Wouldn't a raid by police (at least if they have a warrant) be "authorized access" because they are law enforcement?

At the very least, they could trigger the kill switch when the raid first happens, but once it has been verified it is the police, the kill switch should be disengaged so they have full access.


>the kill switch should be disengaged so they have full access.

Only when you’re legally obligated to do so, which is probably often not the case.


If the police comes knocking on your door with a warrant, aren't you legally obliged to do as they say? I thought that was the entire point of a warrant.


If the warrant is to search your premises, you may not be obligated to decrypt your servers that automatically shut off on unauthorized entry.

Generally, but not always, a separate court order would be required to force you to decrypt your servers.


If the data is on the premise, how would the warrant not include being able to look at the data?

That's like saying a warrant wouldn't include data found in a safe, and that would require a second warrant.

Now, if the data is remote, I'd understand it I guess. But if the kill switch simply burns the local data so only remote copies are still there, that kind of defeats the purpose of the raid in the first place.


The warrant lets law enforcement look for and seize things. It doesn't necessarily compel the target of the search to perform an action. Normally you would oblige the officers since otherwise they would just cut open your locks, but with encryption, that's probably not an available alternative.

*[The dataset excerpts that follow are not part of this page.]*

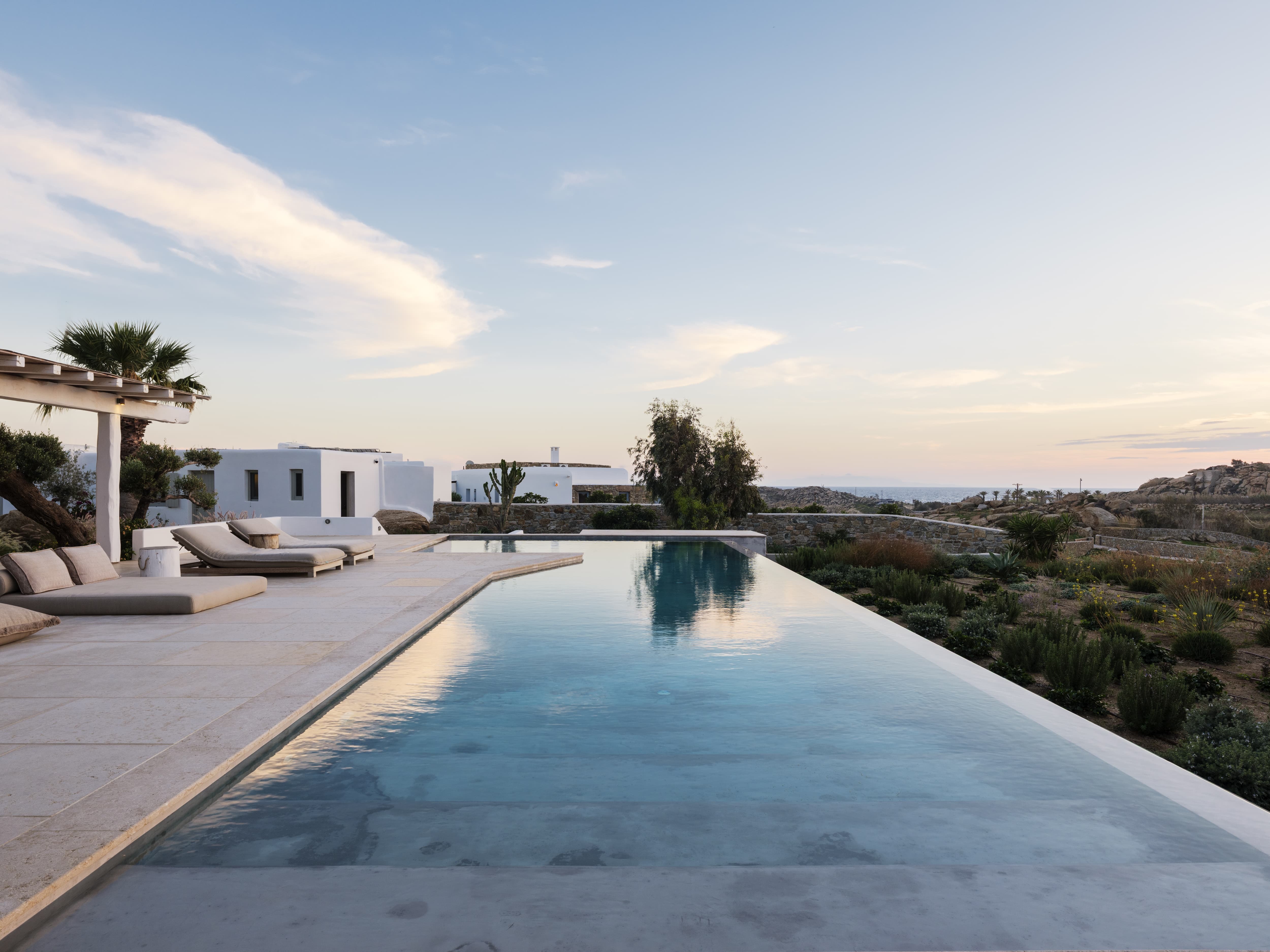 Set just above the golden curve of Paraga Beach, Villa Calista Cove captures a softer, more relaxed side of Mykonos. From this elevated position, the island feels both close and distant, the energy of Scorpios and the shoreline below within reach, yet gently removed, allowing the villa to remain its own private escape.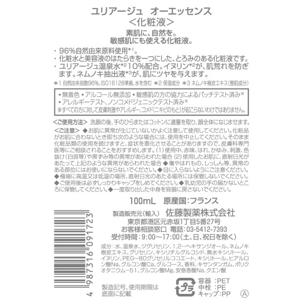 유리아쥬 오 에센스 100ml 사토제약 > 페이스 케어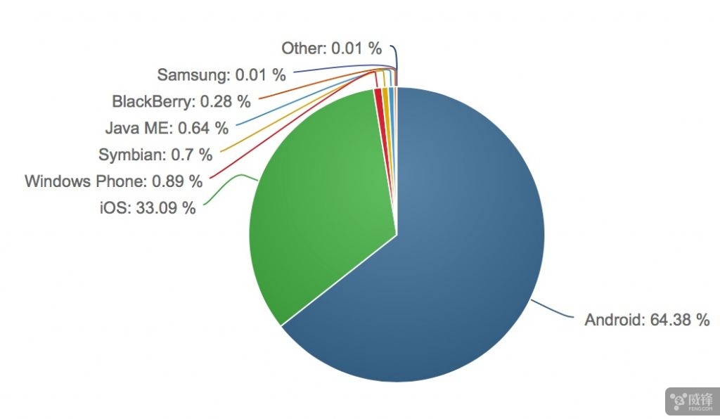 挪动操做系统方面,iOS 正在7月占挪动操做系统市场份额的 33.09%,低于 6 月份的 43.95%。比拟之下,Android 的市场份额为 64.38%,Windows Phone 为 0.9%,Java ME 为 0.64%。 iOS 的汗青最高记载是 2012 年 7 月的 65.94%。

Afaik, courts are undecided on whether you can be compelled to decrypt your own data.

Corporations are held to different standards though. They are often required to share information about themselves with the government, are constantly involved with discovery processes, and generally have different expectations of privacy.


A search warrant will generally not compel you to open doors for law enforcement, it simply authorizes them to kick your door in.


Did they use it?


But very easy to get in and shit them down by triggering it.


For most companies, the data is more important than the service uptime.

Think about it... Would you prefer your Gmail to be down for a few hours, or for Moscow/Beijing to get a copy of all your sent/received emails cos they dumped them from Google's servers in the country?


I think they're suggesting a scenario where your Gmail is regularly down.